## Unit4.3.4Parallelizing the third loop around the micro-kernel

Moving right along, consider how to parallelize the third loop around the micro-kernel: This reminds us of Unit 4.1.1 (parallelizing the IJP loop) and Unit 4.3.2 (paralellizing the first loop around the micro-kernel),

\begin{equation*} \left( \begin{array}{c} C_0 \\ \hline \vdots \\ \hline C_{M-1} \end{array} \right) := \left( \begin{array}{c} A_0 \\ \hline \vdots \\ \hline A_{M-1} \end{array} \right) B + \left( \begin{array}{c} C_0 \\ \hline \vdots \\ \hline C_{M-1} \end{array} \right) = \left( \begin{array}{c} A_0 B + C_0 \\ \hline \vdots \\ \hline A_{M-1} B + C_{M-1} \end{array} \right), \end{equation*}

except that now the sizes of the row panels of $C$ and blocsk of $A$ are larger. The bottom line: the updates of the row-panels of $C$ can happen in parallel.

###### Homework4.3.4.1.

In directory Assignments/Week4/C,

• Copy Gemm_MT_Loop2_MRxNRKernel.c. into Gemm_MT_Loop3_MRxNRKernel.c.
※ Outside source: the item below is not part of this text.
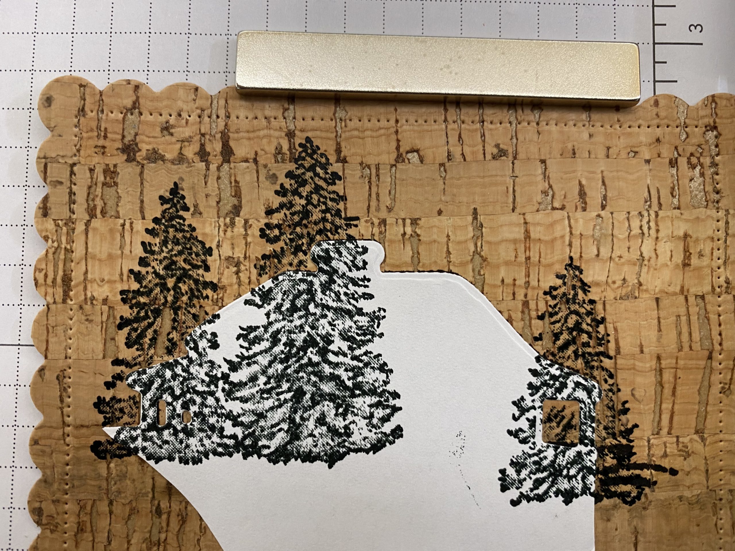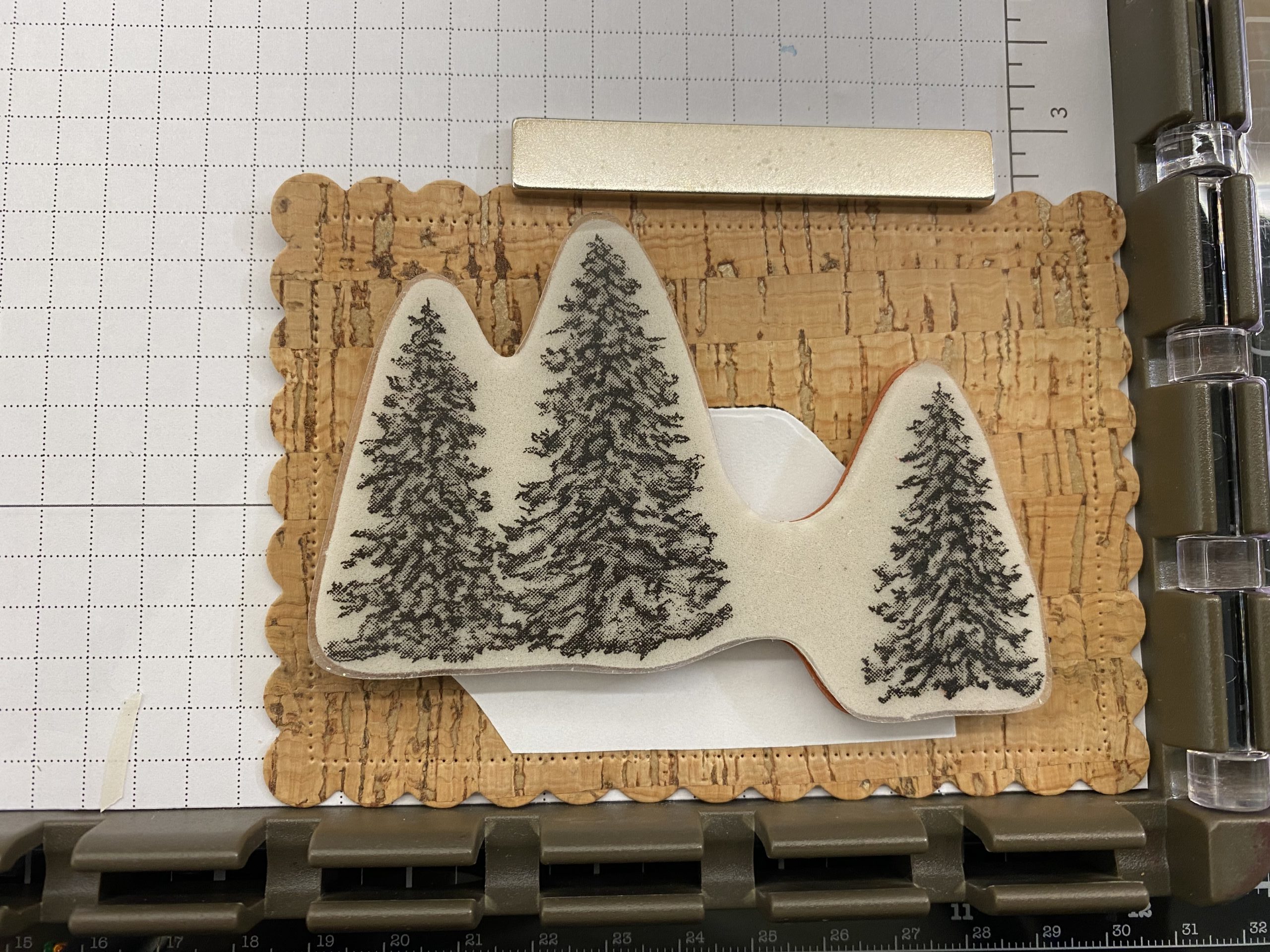 - Stamp the cork with the cabin stamp from Peaceful Cabins Stamp set in Early Espresso Ink. When stamping on cork you will need to reink the stamp 2 or 3 times to get a clear, darker image (Cork absorbs the ink), using the Stamparatus. Cut a mask using your Peaceful Cabins Dies and place it over the stamped cabin imagine. Using the tree stamp and Evening Evergreen Ink stamp the trees over the cabins and your mask will protect the cabin imagine from getting inked. Your mask can be regular masking materials which you can purchase on Amazon or use paper, such as Post It Notes, with removable double sided tape placed on the underside of your cut mask. I did let the ink dry real good after stamping the cabin and before stamping the trees.

• Modify it so that only the third loop around the micro-kernel is parallelized.

• Execute it with

export OMP_NUM_THREADS=4
make MT_Loop3_8x6Kernel


• Be sure to check if you got the right answer! Parallelizing this loop is a bit trickier... When you get frustrated, look at the hint. And when you get really frustrated, watch the video in the solution.

• View the resulting performance with data/Plot_MT_performance_8x6.mlx, uncommenting the appropriate sections.

Hint

Parallelizing the third loop is a bit trickier. Likely, you started by inserting the #pragma statement and got the wrong answer. The problem lies with the fact that all threads end up packing a different block of $A$ into the same buffer $\widetilde A \text{.}$ How do you overcome this?

Solution

On Robert's laptop (using 4 threads): So what is the zigzagging in the performance graph all about? This has to do with the fact that $m / MC$ is relatively small. If $m = 650\text{,}$ $MC = 72$ (which is what it is set to in the makefile), and we use $4$ threads, then $m / MC = 9.03$ and hence two threads are assigned the computation related to two blocks of $A \text{,}$ one thread is assigned three such blocks, and one thead is assigned a little more than two blocks. This causes load imbalance, which is the reason for the zigzagging in the curve.

So, you need to come up with a way so that most computation is performed using full blocks of $A$ (with $MC$ rows each) and the remainder is evenly distributed amongst the threads.

###### Homework4.3.4.2.
• Copy Gemm_MT_Loop3_MRxNRKernel.c. into Gemm_MT_Loop3_MRxNRKernel_simple.c to back up the simple implementation. Now go back to Gemm_MT_Loop3_MRxNRKernel.c and modify it so as to smooth the performance, inspired by the last video.

• Execute it with

export OMP_NUM_THREADS=4
make MT_Loop3_8x6Kernel


• Be sure to check if you got the right answer!

• View the resulting performance with data/Plot_MT_performance_8x6.mlx.

• You may want to store the new version, once it works, in Gemm_MT_Loop3_MRxNRKernel_smooth.c.

Solution

On Robert's laptop (using 4 threads): What you notice is that the performance is much smoother. Each thread now fills most of its own L2 cache with a block of $A \text{.}$ They share the same row panel of $B$ (packed into $\widetilde B$). Notice that the packing of that panel of $B$ is performed by a single thread. We'll get back to that in Section 4.4.